Our first reading from Exodus 24 is entitled: “Ratification of the Covenant.” Chapters 21 to 23 are referred to as The Book of the Covenant wherein Moses related to the people all the laws which God had given him. Once the people had heard the laws, Moses wrote them down, as we hear in our first reading, and the covenant was ratified and sealed with the blood of bulls. The blood was splashed on the altar, on the people and on the Book of the Covenant as, in Jewish law, blood was recognized as the life force of the animal and must not be consumed; blood was reserved for God.

So, the covenant was announced, written down, agreed upon by the people and by God, ratified by both and sealed in blood.

Even our Responsorial Psalm is Eucharistic: “I will take the cup of salvation and call on the name of the Lord.”

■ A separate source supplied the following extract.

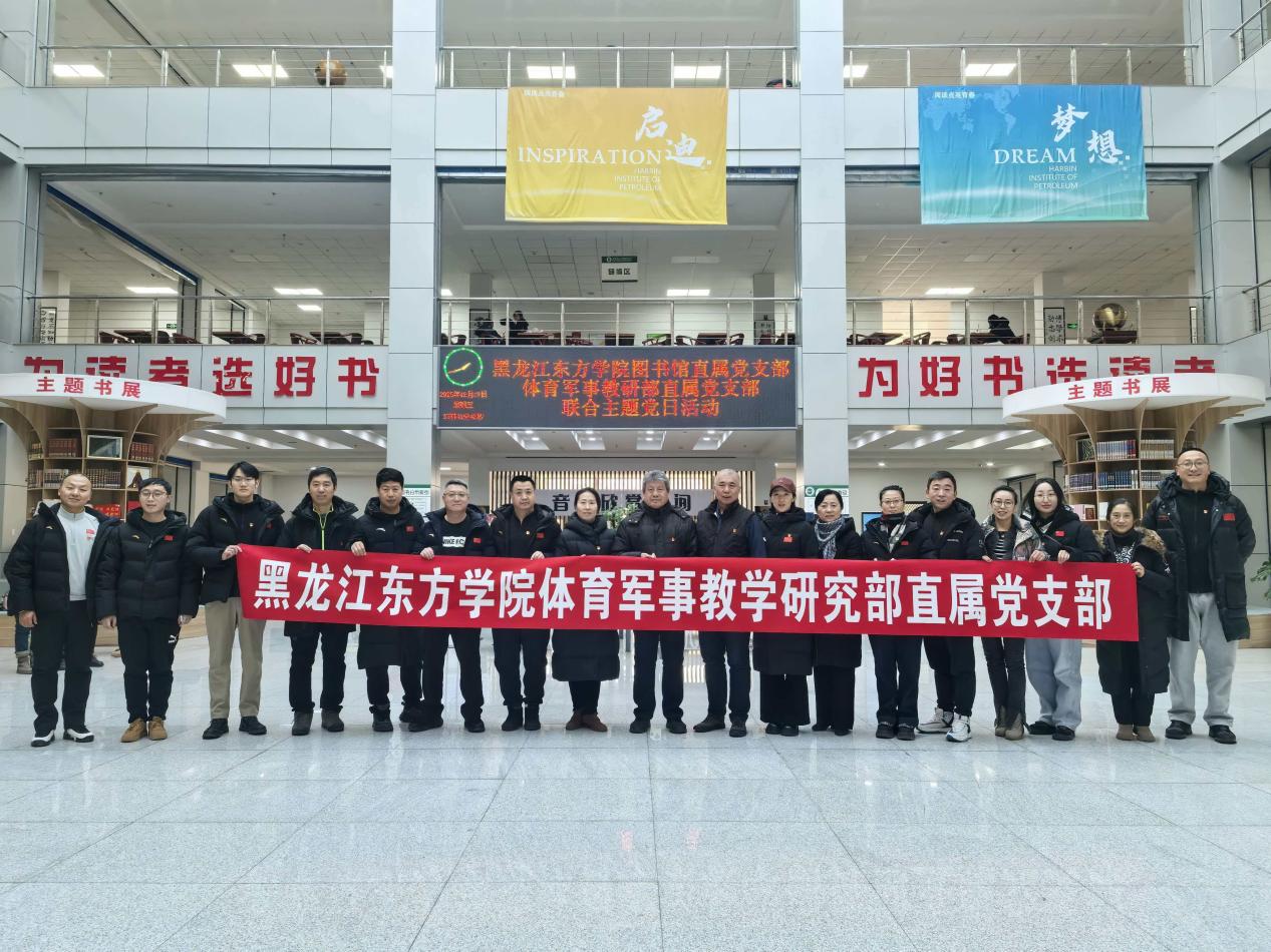 为深入学习铁人精神,传承红色基因,强化党员责任担当,2025年12月17日,体育军事教研部直属党支部与图书馆直属党支部的党员同志们齐聚哈尔滨石油学院铁人纪念馆,联合开展“追寻铁人足迹, 凝聚奋进力量”主题党日活动,一起感悟榜样力量,汲取奋进动能。

In our second reading from The Letter to the Hebrews, the author draws the distinction between the laws of the old covenant established by Moses and those of the new covenant established by Christ. If you read chapter 16 of the Book of Leviticus, you will see the establishment of the Jewish feast of Yom Kippur, also known as the Day of Atonement, the most important holy day in the Jewish calendar. On that day, only Aaron, the high priest, could enter the tabernacle and there he would offer burnt offerings on the altar and sprinkle the blood of those sacrificial animals on the altar. Then he would place his hands on the head of a live goat, symbolically placing the sins of the people on the head of the goat, and goat was sent off into the wilderness carrying the sins of the people away.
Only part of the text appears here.